Как только я узнавал возвратное лицо моей болезни — руки летают, как пушинки, в голове все качается, легкие наполняются крутящимися колючками — первое, что я делал, вызывал привычные галлюцинации о своей Королевской миссии и посылал мысленные сообщения встревоженному миру. Проснувшись в лихорадке, я начинал думать о своих верных подданных, и их соучастие всегда дарило мне чувство комфорта. Сигналы, отбитые азбукой Морзе на спинке кровати, передавали сведения кратко и сурово. «Он болен». (Я представлял себе возникшую тревогу.) «Он сообщил Матери». (Некоторое облегчение.) «Он упорно борется». (Массовые молебны в церквях.) «Ему хуже». (Крики протеста на улицах.) Случалось, что я чуть не плакал при мысли о своем тревожащемся народе, о невидимых толпах, горестно собирающихся на улицах при вести об угрозе их Королю. С каким волнением они ждут каждого мрачного бюллетеня. Как они восхищаются моим мужественным поведением. Конечно, мне больно заставлять их так волноваться, но я повелеваю и им быть сильными. «Он не хочет никаких особых приготовлений. Только оркестры и танки. Парад или два. И, может быть, три минуты молчания».
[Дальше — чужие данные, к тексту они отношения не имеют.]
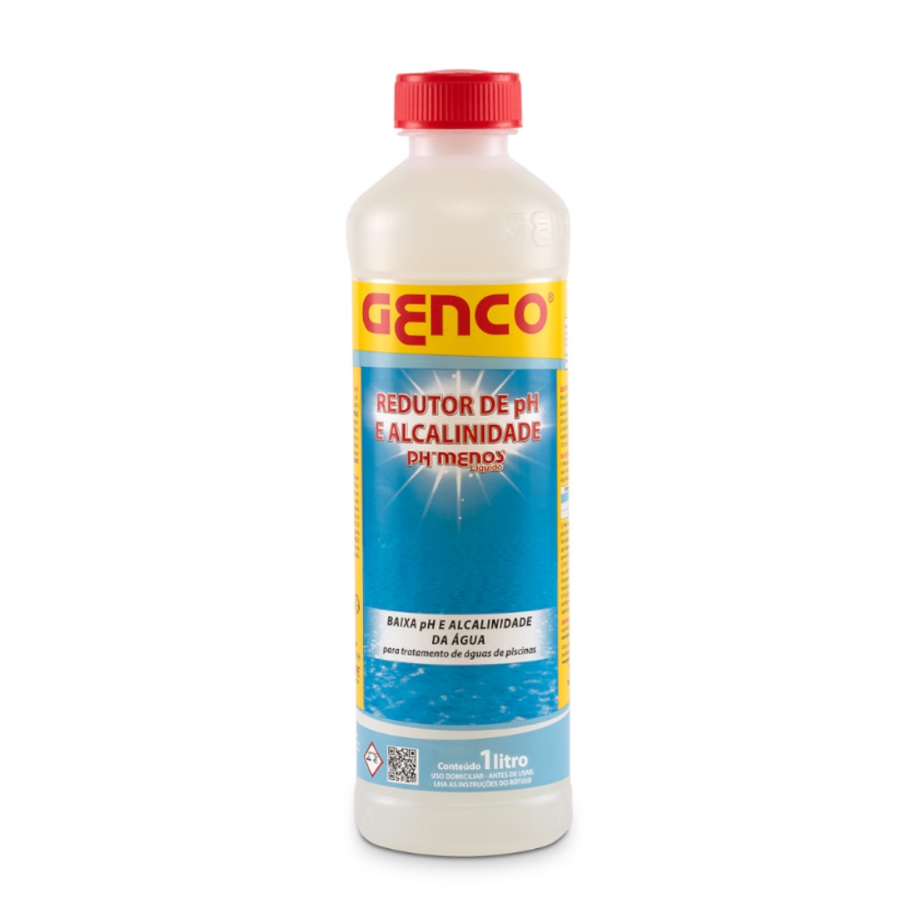 Contém: 1 Redutor de PH e Alcalinidade - PH MENOS 1 L GENCO Ácido líquido para baixar o pH e a alcalinidade total. Utilizar quando o pH estiver acima de 7,8 ou a alcalinidade total acima de 120 ppm. Validade: 2 anos Disponível na embalagem: 1L 1) Mantenha o pH dentro da faixa ideal entre 7,4 e 7,6, a alcalinidade total entre 80 e 120 ppm e a dureza cálcica entre 200 e 400 ppm. 2) Analise diariamente o pH e, se estiver acima de 7,8, corrija-o com pH® MENOS LÍQUIDO GENCO. Já alcalinidade total deve ser analisada semanalmente e corrigida com pH® MENOS LÍQUIDO GENCO® sempre que estiver acima de 120 ppm. Verifique as dosagens nas tabelas abaixo. 3) Adicione a dosagem recomendada em um balde plástico com água da própria piscina e espalhe essa solução sobre a superfície da água com o sistema de filtração em funcionamento (válvula do filtro na posição ‘filtrar’) e mantenha a filtração por pelo menos 30 a 60 minutos após aplicação do produto. 4) No dia seguinte reanalise o pH e alcalinidade total para certificar-se de que está na faixa ideal recomendada. Em caso negativo, repita a operação. 5) Só utilizar a piscina 30 minutos após aplicação do produto. OBSERVAÇÃO: As dosagens recomendadas deverão servir apenas de guia inicial e conferidas com testes frequentes após as devidas correções, pois as dosagens podem variar de acordo com alcalinidade total da água. DÚVIDAS FREQUENTES 1. O produto é novo? Sim, o produto anunciado é novo. 2. O produto está disponível em estoque? Sim, disponível para envio imediato após a liberação de sua compra. 3. O produto acompanha nota fiscal? Sim. Trabalhamos somente com produtos originais de fábrica. Verifique sempre os seus dados cadastrais antes de efetuar a compra. ***As imagens poderão ter alteração de cor nos produtos, devido a diferença de cores entre monitores, telas de celulares e luzes ambientes na hora da foto.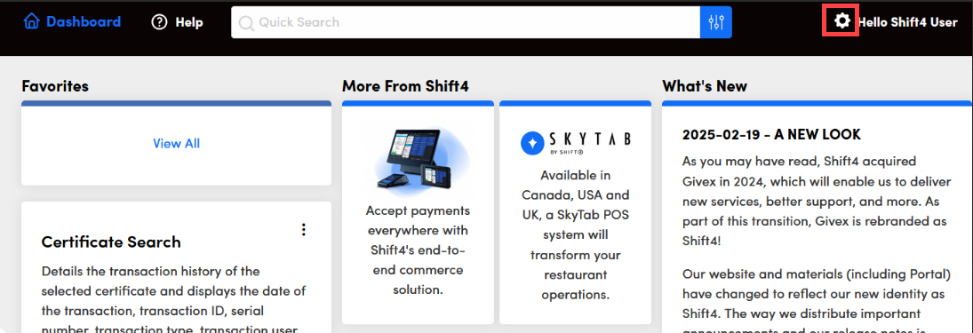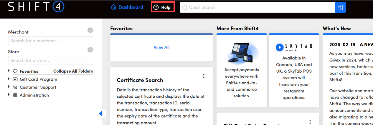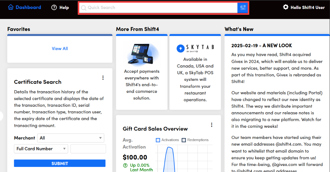 Description: The home page provides a dashboard with key tools, including Widgets, Favorites, Help, Quick Search, and System Preferences, plus the What's New section for updates.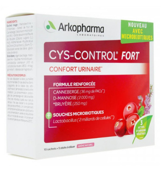 Cys-Control Fort 10 sachets + 5 sticks à diluer est un complément alimentaire du laboratoire Arkopharma à base de D-mannose, d'extrait de fruit de canneberge, d'extrait de sommité fleurie de bruyère et de souches microbiotiques (Lactobacillus plantarum LP01 et Lactobacillus reuteri LRE02).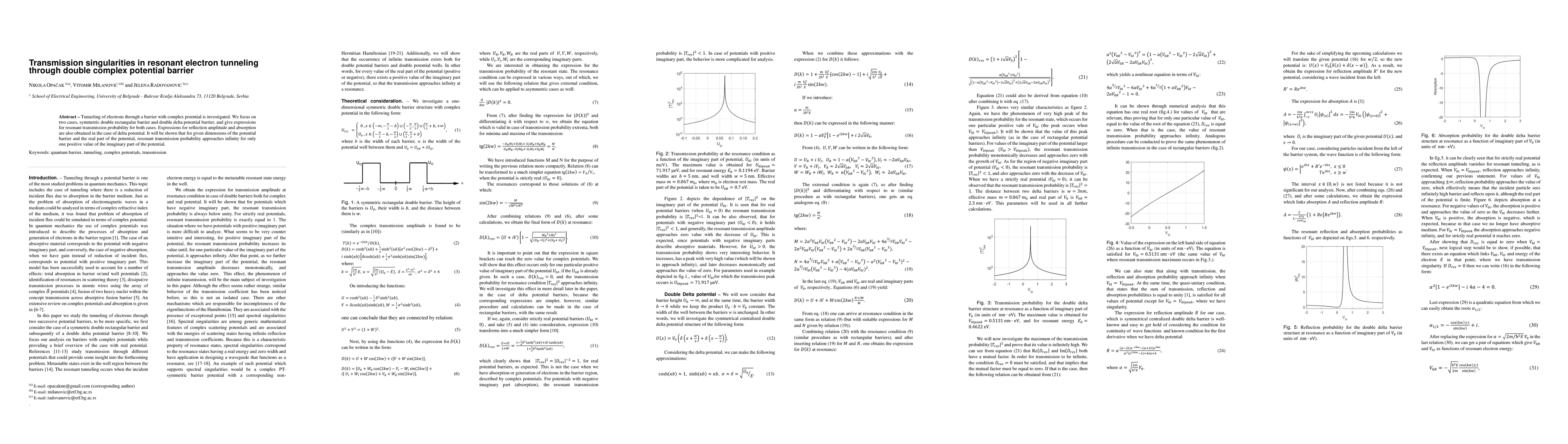 This paper investigates electron tunneling through complex potential barriers, deriving expressions for resonant transmission probability in symmetric double rectangular and double delta potential cases. It reveals that for specific barrier dimensions and real potential parts, the transmission probability becomes infinite at a unique positive imaginary potential value.

Такие эмоции обычно занимали мое первое утро, при еще свежей лихорадке; но когда наступала ночь, я начинал бредить. Первыми сдавались руки-ноги, становясь похожими на бревна, и к тому же у меня, казалось, вырастала дюжина рук. Потом кровать теряла свои границы и превращалась в целую пустыню горячего, влажного песка. Я начинал разговаривать со второй головой, лежащей на подушке, моя собственная голова отодвигалась, давая ей место. Вторая голова никогда не отвечала, она просто лежала рядом, холодно ухмыляясь прямо мне в лицо. Потом приходила очередь стен: они начинали выгибаться, и зыбиться, и рычать, и размазываться, как паштет, таять, как сахар, и бежать потоками отвратительного цвета. Потом из стен и с потолка шли в наступление ряды неуловимых улыбок — легких, расслабляющих, сначала ничем не угрожающих, но продолжающихся уж слишком долго. Даже улыбка идиота в конце концов пропадает, но эти длились и длились в тишине, становясь все шире и холоднее, все менее добрыми, пока кровь не начинала реветь у меня в венах. То были улыбки Чеширского кота, без лица и форм, я ясно видел сквозь них комнату. Они висели надо мною, как некое пятно в воздухе, занавес улыбок в окружающем меня пространстве — улыбки без жалости, улыбки без любви, ухмыляющиеся улыбки неулыбчивого равнодушия; даже не улыбки незнакомцев, а улыбки, не принадлежащие никому, распространяющиеся в алмазной тишине, неустойчивые, знающие, продолжающиеся без конца… пока я не начинал кричать и биться о стенки кровати.